Her genre-blending songwriting has landed her collabs with Doechii and Rachel Chinouriri.

by Sarah Ellis

Alemeda didn’t listen to music like your average pre-teen girl. Growing up in a religious family in Ethiopia, she wasn’t allowed to play it at home. “Mom was very anti-music, but as I got older, you couldn't avoid it,” the 25-year-old says, after her set at the All Things Go festival in New York.

When she moved to Arizona for school, she figured out her own methods to listen in secret. “I was watching Disney Channel and getting influenced by Camp Rock,” she says. “I was sneaking Camp Rock discs in my library books.” (She’s partial to the song “This Is Me.”)
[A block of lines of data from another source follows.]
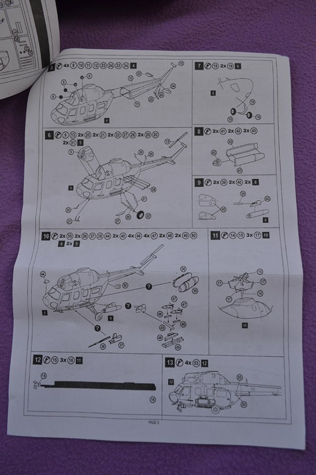 По сравнению с Ми-2 в 72-м от HobbyBoss, этот набор намного лучше, принимая во внимание правильную втулку несущего винта и наличие в наборе подкосов-держателей под внешние топливные баки.
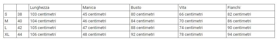 | XL | 44 | 106 centimetri | 48 centimetri | 92 centimetri | 78 centimetri | 94 centimetri |
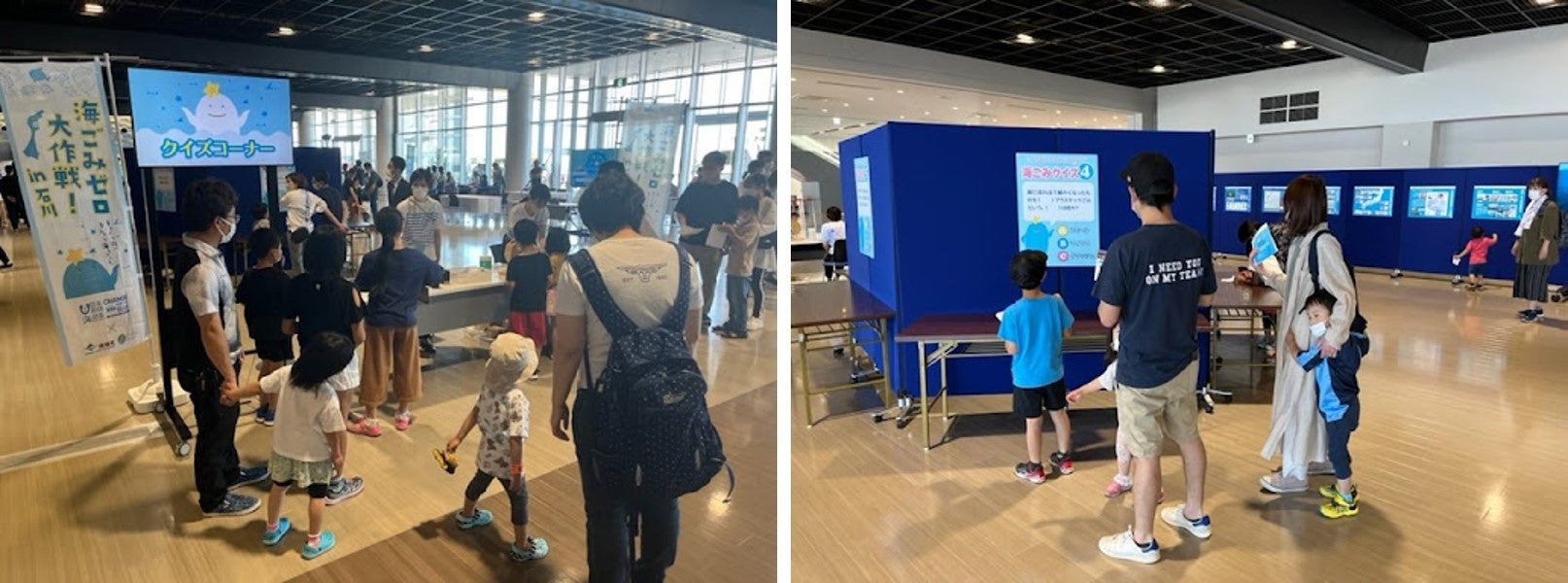 - 「楽しみながら海洋ごみを学ぶ」学習パネル、クイズコーナーに多くの家族連れ
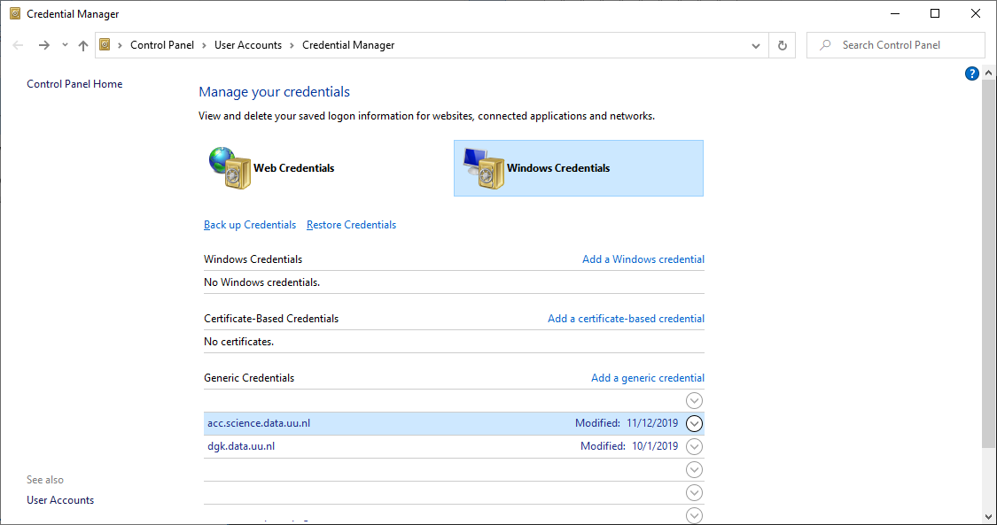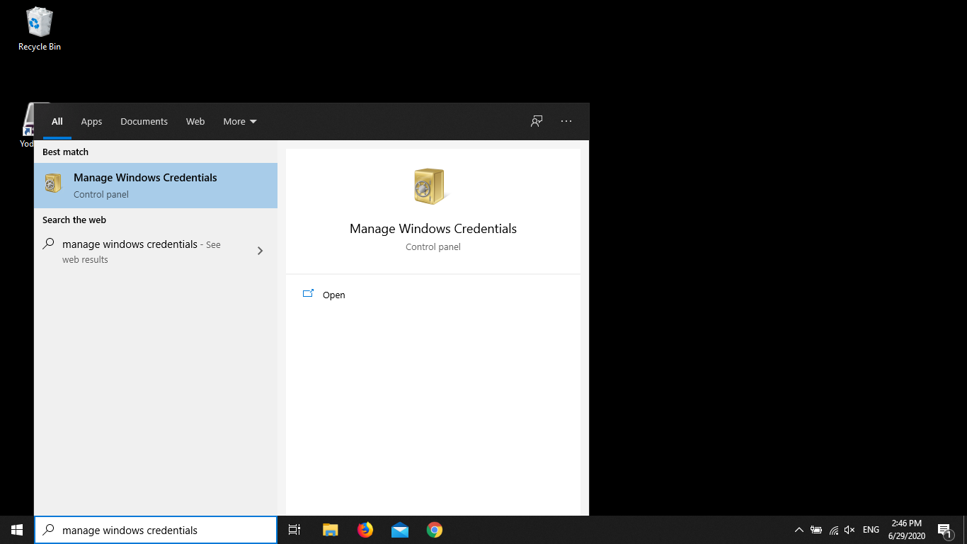 First open the credential manager by clicking on the start button and typing “Manage Windows Credentials”.

Eventually, she started posting covers to YouTube, looking to Alessia Cara for inspiration. At age 14, Alemeda got her first big break. “I posted a cover of ‘Here’ by Alessia Cara, and she commented on it, saying I had a soulful voice,” she says. “I was jumping around my bed. Being in Arizona, being Muslim, being East African, I felt like I was under a rock, especially because my mom made it that way. So it felt like this weird portal to be like, ‘I could actually be a part of that? I could be an artist?’”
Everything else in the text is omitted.